A flickering neon light reflects off empty carnival rides. The town is quiet… too quiet. Somewhere in the distance, a jukebox plays a love song, slightly warped. In the silence of an off-season Riviera, a figure walks alone through the shadows of a provincial night, dressed in velvet melancholy and faded glamour. It looks like a Fellini movie, but something eerie is approaching. While the streets are empty, ghosts whisper from the corners. This is where Alex Fernet tells his Modern Night.
Fernet’s sophomore album for Bronson Recordings is a vampiric seduction that merges ‘post’: soul, funk, italodisco, and new wave with a noir cinematic aesthetic—linking David Bowie to Gaznevada and David Sylvian, Scott Walker to The Human League and the Style Council. Written, performed, and produced by Fernet himself,
"Sunlight Vampires" is a song for all those people who are considered "non-conventional", artists, dreamers, rebels, outcasts, minorities. Our vulnerability can be our strength, our controversy a resource, as poison can be turned into an antidote. We are all vampires living in a sunlit world.

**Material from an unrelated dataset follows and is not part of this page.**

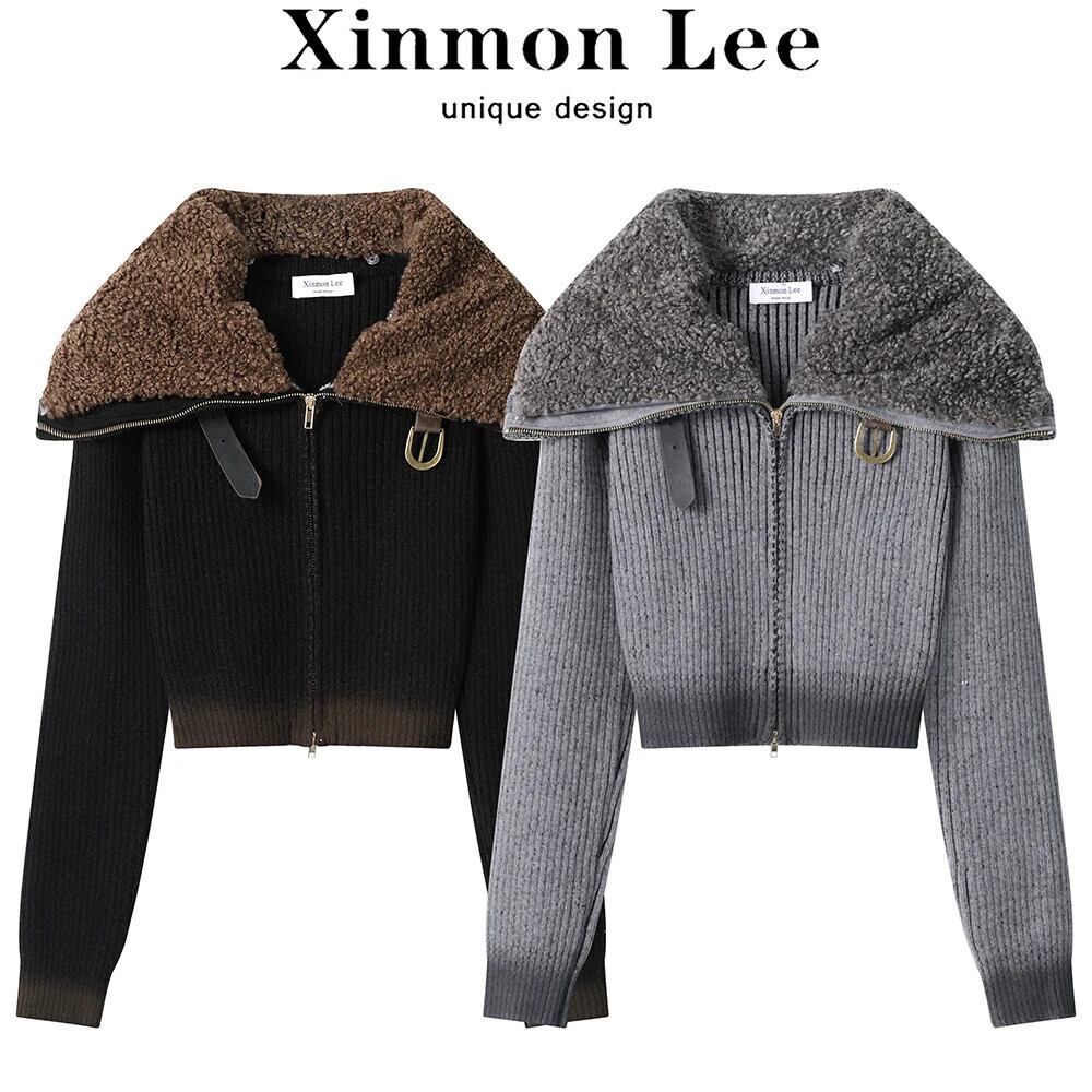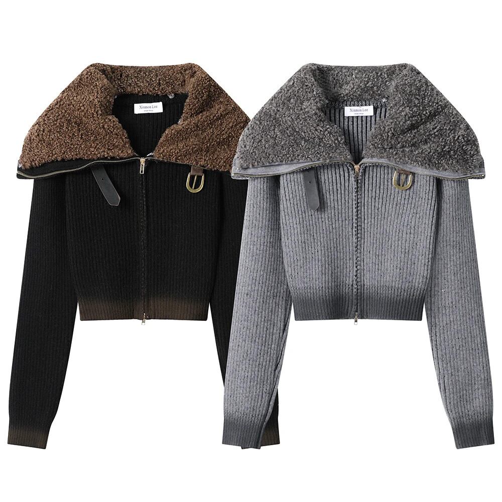 甘いホットガールレトロラムファーラペルショートニットカーディガン冬スリムフィットセータージャケット 大人ガーリー スウィート キュート カジュアル ウィンター 冬物
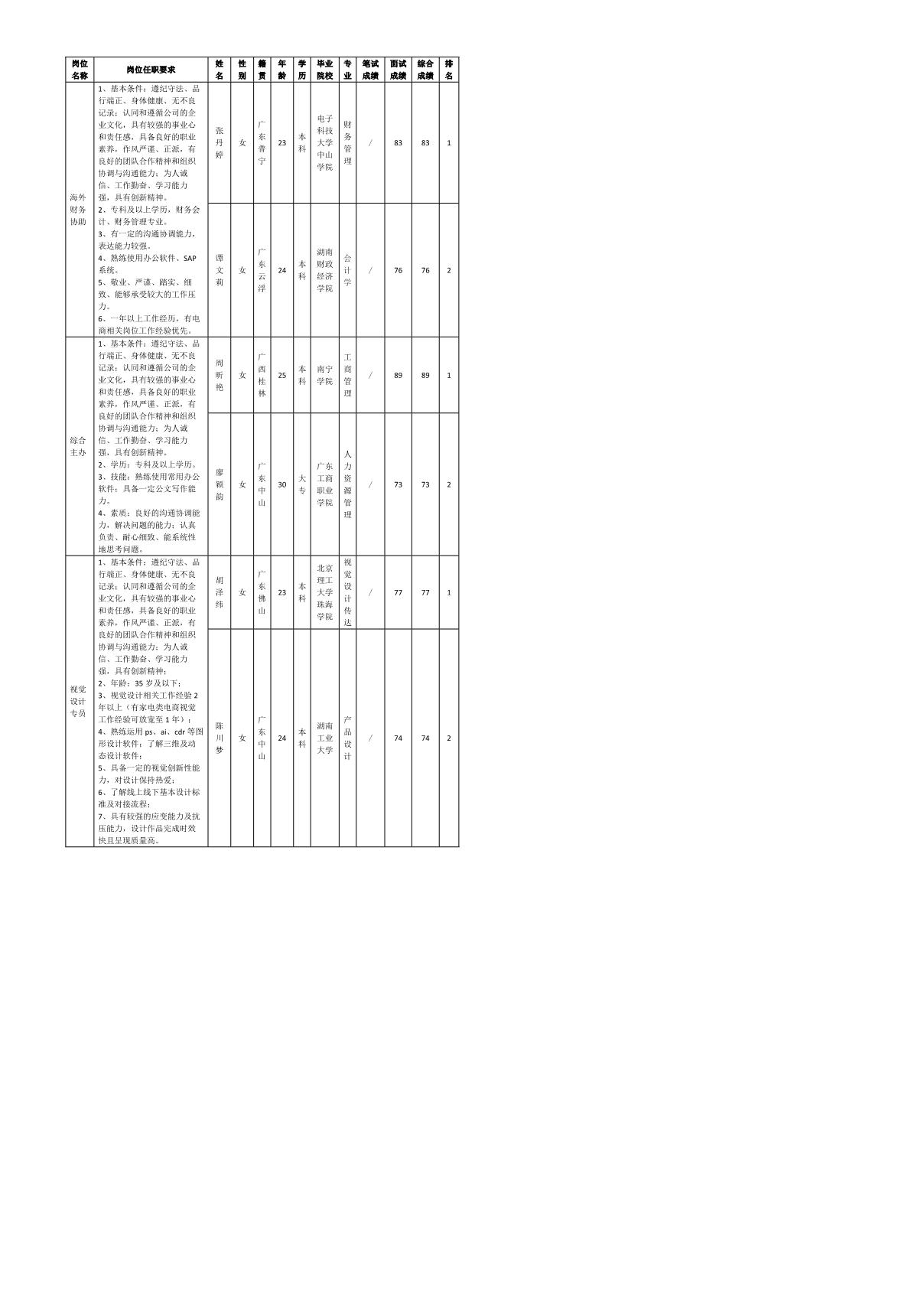 根據(jù)長虹·美菱國際區(qū)品牌運營中心發(fā)布的招聘公告及招聘相關(guān)規(guī)定,經(jīng)面試等程序,現(xiàn)將測試成績予以公示。

With The Nightdrive, Fernet moves further into the urban subconscious, crafting what he calls the album’s manifesto . The track is part soundtrack, part hallucination—a night ride through deserted streets, where the headlights don’t quite pierce the fog. Its atmosphere conjures the tension of The Twilight Zone, the loneliness of late-night TV reruns, the flicker of provincial disco lights long after the music has stopped.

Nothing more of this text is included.